What is expected
When you reach the line that holds "지퍼와 버클이 특징인", start copying exactly and keep going through the final line of the data, leaving out pictures.

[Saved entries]
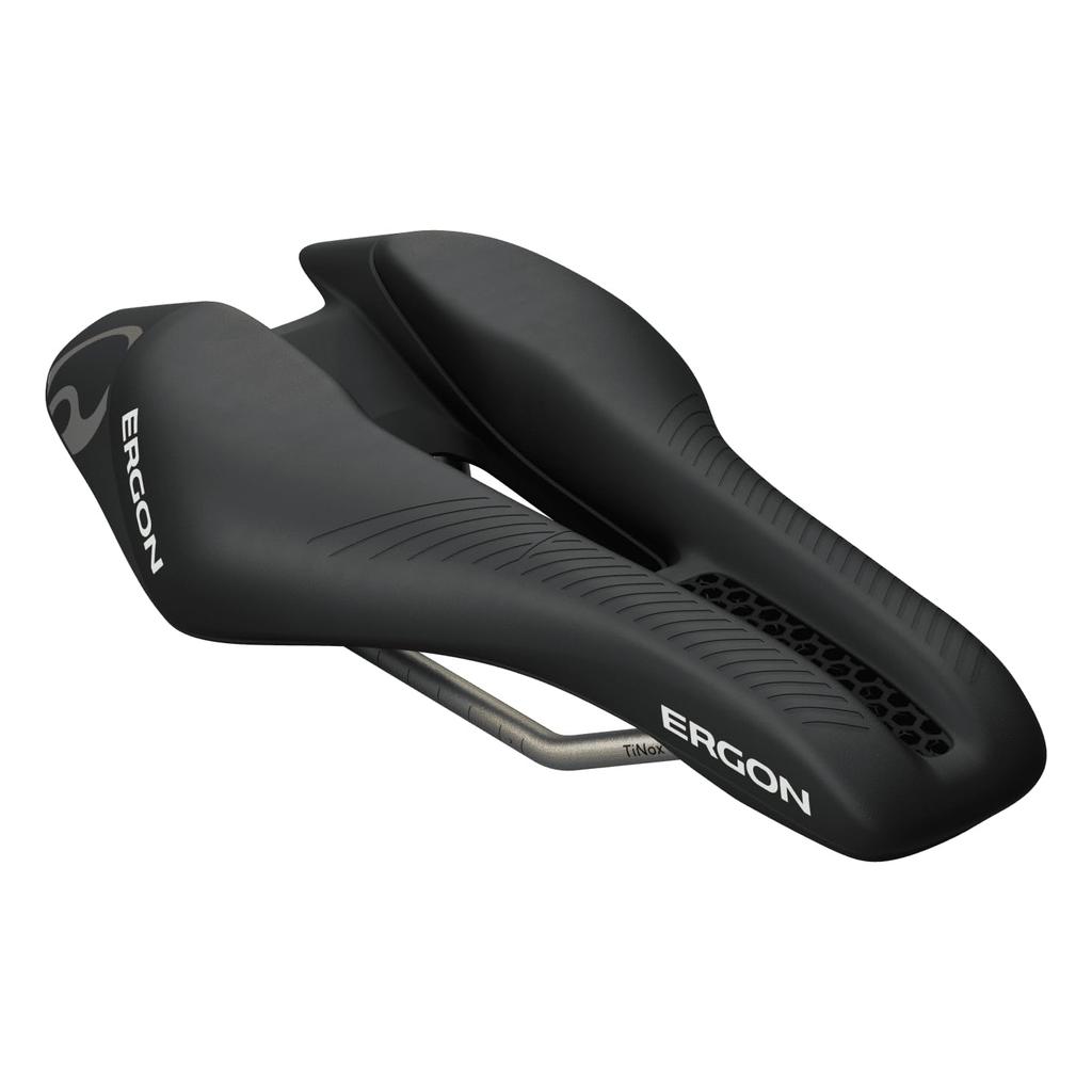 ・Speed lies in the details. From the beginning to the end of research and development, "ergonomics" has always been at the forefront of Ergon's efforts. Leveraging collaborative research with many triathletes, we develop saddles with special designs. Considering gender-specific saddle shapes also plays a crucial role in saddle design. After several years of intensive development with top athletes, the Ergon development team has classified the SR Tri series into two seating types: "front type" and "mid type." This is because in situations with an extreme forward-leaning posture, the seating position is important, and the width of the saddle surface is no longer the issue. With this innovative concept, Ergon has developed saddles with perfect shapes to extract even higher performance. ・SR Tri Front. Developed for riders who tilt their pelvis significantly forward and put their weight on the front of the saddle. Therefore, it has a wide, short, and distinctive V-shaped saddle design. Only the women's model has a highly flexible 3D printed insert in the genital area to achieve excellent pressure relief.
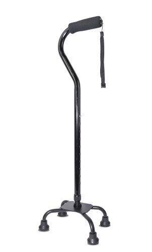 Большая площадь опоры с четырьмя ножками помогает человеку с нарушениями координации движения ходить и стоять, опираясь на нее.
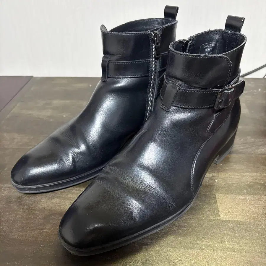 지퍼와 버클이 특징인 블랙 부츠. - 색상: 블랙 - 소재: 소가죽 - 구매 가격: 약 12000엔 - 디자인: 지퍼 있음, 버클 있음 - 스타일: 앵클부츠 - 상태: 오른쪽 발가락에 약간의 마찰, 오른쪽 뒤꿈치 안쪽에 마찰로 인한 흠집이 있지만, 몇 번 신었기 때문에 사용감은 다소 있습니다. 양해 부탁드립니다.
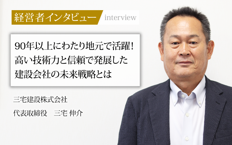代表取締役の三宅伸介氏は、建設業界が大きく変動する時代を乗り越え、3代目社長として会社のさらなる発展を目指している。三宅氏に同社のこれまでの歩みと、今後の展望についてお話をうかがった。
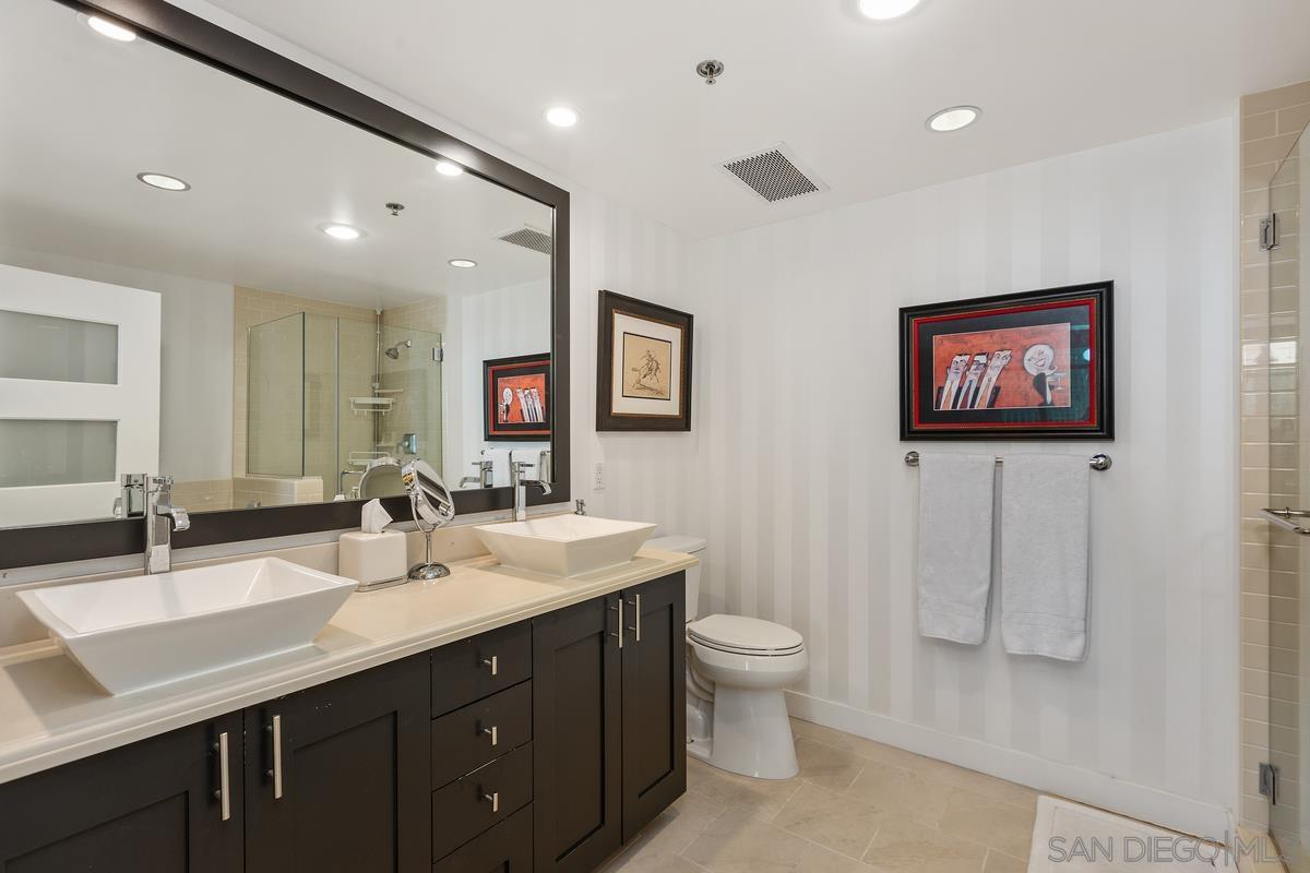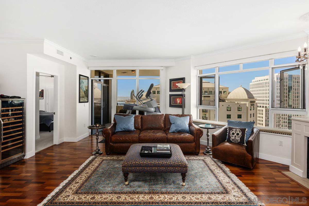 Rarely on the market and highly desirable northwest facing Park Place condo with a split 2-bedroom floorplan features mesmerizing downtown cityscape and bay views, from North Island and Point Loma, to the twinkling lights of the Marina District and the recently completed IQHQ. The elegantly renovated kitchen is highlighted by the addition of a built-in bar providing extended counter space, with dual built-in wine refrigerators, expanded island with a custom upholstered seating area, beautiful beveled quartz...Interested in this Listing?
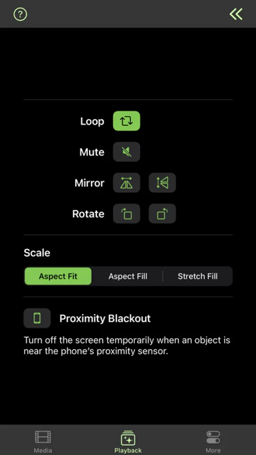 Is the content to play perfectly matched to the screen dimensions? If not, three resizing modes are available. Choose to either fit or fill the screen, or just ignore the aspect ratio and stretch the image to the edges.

The completed task
 지퍼와 버클이 특징인 블랙 부츠. - 색상: 블랙 - 소재: 소가죽 - 구매 가격: 약 12000엔 - 디자인: 지퍼 있음, 버클 있음 - 스타일: 앵클부츠 - 상태: 오른쪽 발가락에 약간의 마찰, 오른쪽 뒤꿈치 안쪽에 마찰로 인한 흠집이 있지만, 몇 번 신었기 때문에 사용감은 다소 있습니다. 양해 부탁드립니다.
代表取締役の三宅伸介氏は、建設業界が大きく変動する時代を乗り越え、3代目社長として会社のさらなる発展を目指している。三宅氏に同社のこれまでの歩みと、今後の展望についてお話をうかがった。
 Rarely on the market and highly desirable northwest facing Park Place condo with a split 2-bedroom floorplan features mesmerizing downtown cityscape and bay views, from North Island and Point Loma, to the twinkling lights of the Marina District and the recently completed IQHQ. The elegantly renovated kitchen is highlighted by the addition of a built-in bar providing extended counter space, with dual built-in wine refrigerators, expanded island with a custom upholstered seating area, beautiful beveled quartz...Interested in this Listing?
 Is the content to play perfectly matched to the screen dimensions? If not, three resizing modes are available. Choose to either fit or fill the screen, or just ignore the aspect ratio and stretch the image to the edges.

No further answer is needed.